- Theatrical release poster
- Directed by: Mohan
- Written by: Cheriyan Kalpakavadi
- Produced by: Mohan Kumar
- Starring: Mohanlal Shobhana
- Cinematography: Saroj Padi
- Edited by: G. Murali
- Music by: Johnson
- Production company: Kairali Films
- Distributed by: VIP Release
- Release date: 1994;
- Running time: 154 minutes
- Country: India
- Language: Malayalam

= Pakshe =

Pakshe (titled onscreen as Pakshay; ) is a 1994 Indian Malayalam-language drama film written by Cheriyan Kalpakavadi and directed by Mohan. It stars Mohanlal and Shobhana. The film was critically acclaimed.

==Plot==
"Pakshe" revolves around the tragic and sacrificial life of Balachandra Menon, an IAS officer. Balan was brought up in a poor family whose properties were sold by his father to fund his legal cases. Unniyettan is Balan's teacher who motivates him to become an IAS officer. Balan is in love with Nandini, an aspiring writer and belongs to a rich family. Their relationship is accepted by both the families and a marriage date is fixed. Balan successfully completes the IAS exams

Unfortunately, Balan's father commits suicide, after losing the long drawn out case for which he had sold all his family properties and borrowed heavily and incurring huge debts, which Balan has to repay.

Balan who had passed the UPSC written exam also successfully completes the interview. In the meanwhile, the private money lenders harass him, asking him to repay the loans incurred by his father, and abuse him publicly, which leads to altercation between them and following these incidents, Nandini's family withdraws from the marriage arrangement and Nandini is not permitted to leave her house to meet with Balan. When the money lenders are about to take legal action for recovery of their dues, Vikaraman, a contractor is willing to offer Balan the money to settle the dues under the condition that he marries his daughter Raji. When Balan speaks to Nandini about this, she insists that he marries the girl and rescue his family. With a heavy heart, they decide to split calling it a "sacrifice" for their family.
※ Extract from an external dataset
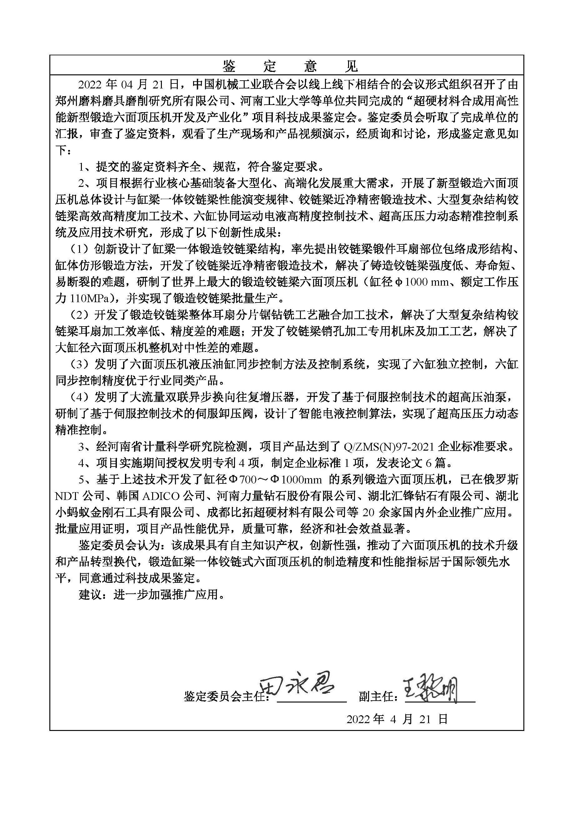 公司產品最早起源于 1965 年中國第一臺具有自主知識產權的鉸鏈式六面頂壓機,經過多年發展,公司研究開發出了系列填補國內空白的行業專用生產和檢測設備儀器; 累計授權專利 96 項,其中發明專利 36 項;7 項成果獲得國家、省部級獎勵,50 余項成果在全國開展了大面積的推廣應用,促進了我國磨料磨具、超硬材料制品行業的形成和發展,為行業和相關應用領域的發展做出了重要貢獻。

Balan, after marrying Rajeswari, aka Raji, repays all his debts. Raji is an arrogant woman and ill treats Balan and they endure a bad marital relationship. Vikaraman, his father-in-law, abuses Balan's position as the Revenue Secretary to unscrupulously help his friends, and at one stage, when Balan refuses to cooperate, he is abused and criticized by his wife and father in law. Vikraman had forced him to become corrupted. Heartbroken, Balan, who was so far living in his Vikraman's house, decides to go and live alone, but Raji refuses to accompany him and insults his family for no reason . Feeling insulted and angry he slaps Raji and shouts at Vikraman too. In a fit of rage, he leaves home. He spends the rest of that day at the residence of his superior officer, Shivadasa Menon who consoles him.
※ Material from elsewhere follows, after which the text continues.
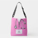 Saco de enfermeira criativa com design médico com esfregões rosa criativos para a sua enfermeira, médico ou assistente médico favorito. Editar texto para adicionar nome.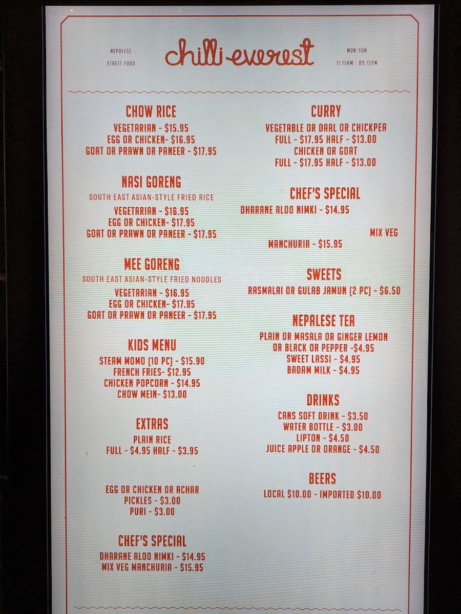 The menu boasts a variety of traditional dishes, with highlights like succulent momos and flavorful thukpa, evoking the essence of Nepal's rich culinary heritage. Customers rave about the generous portions and reasonable prices, making Chilli Everest a fantastic spot for family outings or casual dinners. While some dishes may take a little longer to arrive, the delectable flavors and authentic taste are well worth the wait. With a commitment to serving halal options alongside a selection of alcoholic beverages, Chilli Everest caters to diverse preferences, making it a must-visit for anyone seeking genuine Nepalese fare in Melbourne.

The next morning he goes to the Secretariat and takes a week's leave from work and stays at a beach resort for a few days of relaxation and peace of mind, where he finds an amusing middle aged man, named Eenashu, who has a happy outlook to life and says he keeps himself young and sprightly through liquor and women. A friendship develops between them, which makes Balan forget his miseries for a while. Later, one day, Shivadasa Menon calls him and tells him that Vikraman has begun his movements for Joint Divorce Petition. The next day, Shivadasan goes to the resort where Balan was staying to make him sign the petition since, Vikraman had forced him to do so.

One evening at the resort, he is shocked and surprised to know that Nandini is staying at the neighbouring cottage. He also learns that she is now an internationally acclaimed writer, and that she is still single, not having married anyone. After the initial hesitant moments, they gradually share their life stories, and gradually the old balettan-nandinikutty bond of yesteryear is revived. Due to Eanashu's influence on him, he has also slowly erased Raji from his mind.
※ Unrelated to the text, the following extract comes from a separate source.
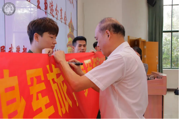 第三环节为学校领导致辞。首先,苏宁书记对出席大会的领导、嘉宾和师生们表示热烈的欢迎。对一直以来指导、支持我校征兵工作的增城区人民武装部和有关单位表示衷心的感谢。我校历来高度重视征兵工作,始终坚持以习近平强军思想为指导,深入贯彻落实习近平总书记关于加强和改进兵役工作重要指示批示精神,突出学校主阵地和大学生的征集主体,强化爱国主义教育,弘扬崇军尚武精神。他表示,国无防不立,民无兵不安,号召华商学子们携笔从戎投身国防,在强军兴军中彰显人生的价值。最后,他强调,征兵工作责任重大,使命光荣,我们一定要以高度负责的态度,务实求真的精神,全力做好本次的征兵工作,努力营造良好的征兵氛围,以更优异的成绩迎接党的二十大的胜利召开。

Slowly the old romance is revived between them, and both decide to live together thereafter, but fatefully, on the day they are about to leave the resort, Rajeswari, his wife and their children turn up. In his absence, she has realised her mistakes and asks for him to forgive her and accept her and the children back into his life. Nandini, coming to know of his, with a heavy heart, realises what is happening and Balan accepts Rajeswari and the children. Balan and Nandini suffer the pain of separation for the second time in their life.

The film ends with Balan set to go back to his new life with Rajeswari, while Nandini beginning a new life with memories of her life with Balan.

==Cast==
- Mohanlal as Balachandra Menon IAS / Balan, Revenue Secretary of Kerala
- Shobhana as Nandini Menon ('Nandinikutty'), Balachandran's Ex-Lover (Voice by Bhagyalekshmi)
- Shanthi Krishna as Rajeswari (Raji), Balachandran's Wife (Voice by Aanandavally)
- Innocent as Eenashu
- Thilakan as Vikraman Contractor, Rajeswari's Father
- M. G. Soman as Shivadasa Menon IAS, Chief Secretary of Kerala
- Jagathy Sreekumar as Kaimal, Vikraman Contractor's Assistant
- Karamana Janardanan Nair as Mohan, Balachandran's Father
- Sukumari as Lathika, Balachandran's Mother
- Mamukkoya as Nanappan
- Ganesh Kumar as Shivan, Nandini's Brother
- Venu Nagavally as Unniyettan
- Kozhikode Narayanan Nair as Hari, Nandini's Father
- Spadikam George as Revenue Minister Chacko
- Krishna Prasad

==Soundtrack==
The film had successful soundtrack composed by Johnson, with lyrics by K. Jayakumar.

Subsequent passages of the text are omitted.